Siska, whose name was changed to protect her identity, told her story to a researcher from the National Commission on Violence Against Women (Komnas Perempuan) for a report on the mass rape of Chinese Indonesian women that occurred during the May 98 riots. Her story was included in a report titled “in denial!” that was released five year after the riots.
The riots were one of the darkest periods in Indonesian history. Riots broke out throughout the nation as Gen. Suharto’s New Order government failed to curb the effects of a region-wide economic crisis. Indonesia lost 13.5 percent of its Gross Domestic Product (GDP) in a single year. The rupiah was in free-fall. The government tried to raise the price of gasoline by 70 percent. The price of electricity tripled. Students were in the streets, protesting at campuses in most major cities to demand that Suharto step down.
But officials with the New Order regime were pointing the finger at the country’s ethnic Chinese minority, a group that was long used as a scapegoat by those in power.
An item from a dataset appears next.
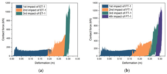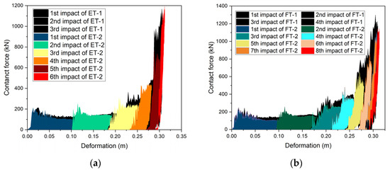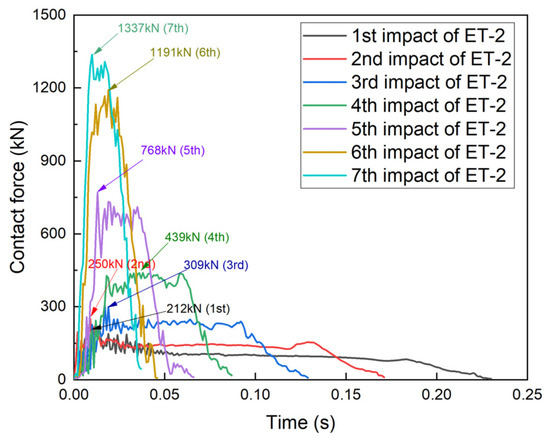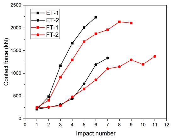 The variations in the peak contact force for each specimen are plotted in Figure 20. As the number of impacts increased, the peak contact forces on each specimen also increased. In particular, the contact force on specimen ET-1 rose from 209.7 kN after the first impact to a peak of 2237.1 kN. The difference in the contact force was greatest between the first and second impacts and between the second and third impacts. The contact force of the second impact was 2.3 times higher than that of the first impact, and the contact force of the third impact was 2.4 times higher than that of the second impact. The contact force of specimen ET-2 increased from an initial 211.9 kN to a peak of 1337.4 kN, and the maximum difference in the contact force occurred between the fourth and fifth impacts: the contact force of the fifth impact was 1.75 times that of the fourth impact.

The country had seen a rise in sporadic anti-Chinese riots throughout much of the year. But in May, tensions boiled over. Riots broke out in the country’s third-largest city—Medan, North Sumatra—on 4 May 1998 after a student was allegedly killed by a tear gas canister. By the 12th the violence had hit the capital after security forces opened fire on a crowd of student protestors gathered at West Jakarta’s Trisakti University. Angry mobs soon took over the streets, looting and setting fire to Chinese Indonesian owned shops and targeting ethnic Chinese communities in a wave of violence that lasted for days.
More than 1,000 people were killed in Jakarta alone, many of them looters who died in a series of large fires. Initial estimates uncovered evidence of at least 168 rapes in the Indonesian capital. There were another 300 reported nationwide. Most of the victims were Chinese Indonesian women.
On July 15, 1998, then president BJ Habibie condemned the violence against women in a formal government apology over the events that had occurred only two months earlier. The new Reformasi government established a fact-finding mission to investigate the riots shortly after Suharto’s fall. Komnas Perempuan was established in October 1998 by presidential decree. It was tasked with investigating the allegations of mass rape.
The two fact-finding missions, the Joint Fact Finding Team (TGPF) and the Volunteers Team for Humanity (TRuK), soon found compelling evidence that the rapes had indeed occurred. They submitted their reports to the central government within a month and waited for a response.
But by 2003, the commission’s follow-up investigation reached a damning conclusion. The central government had failed to take the investigation any further. The victims, many of them members of the country’s ethnic Chinese minority, were instead forced to live in a society that doubted their claims, denying that the rapes ever happened. The report concluded that five years later, rape victims still hadn’t found justice, writing:
“Such circumstances unfolded in the midst of denials about the tragedy that persist to this day. Refutations were made by the state, which until today has still failed to execute any follow-up measures on the outcomes of the investigation into the May 1998 riots. Accountability for the gross human rights violations that occurred in the incident have never been brought to bear. This state of denial is also manifest in the attitude of broader society, which refuses to acknowledge that the rapes and sexual assaults actually occurred.”
That report came out in May of 2003. But when I met with Mariana Amiruddin, a commissioner at Komnas Perempuan, she told me that in the 14 years that followed, little had changed.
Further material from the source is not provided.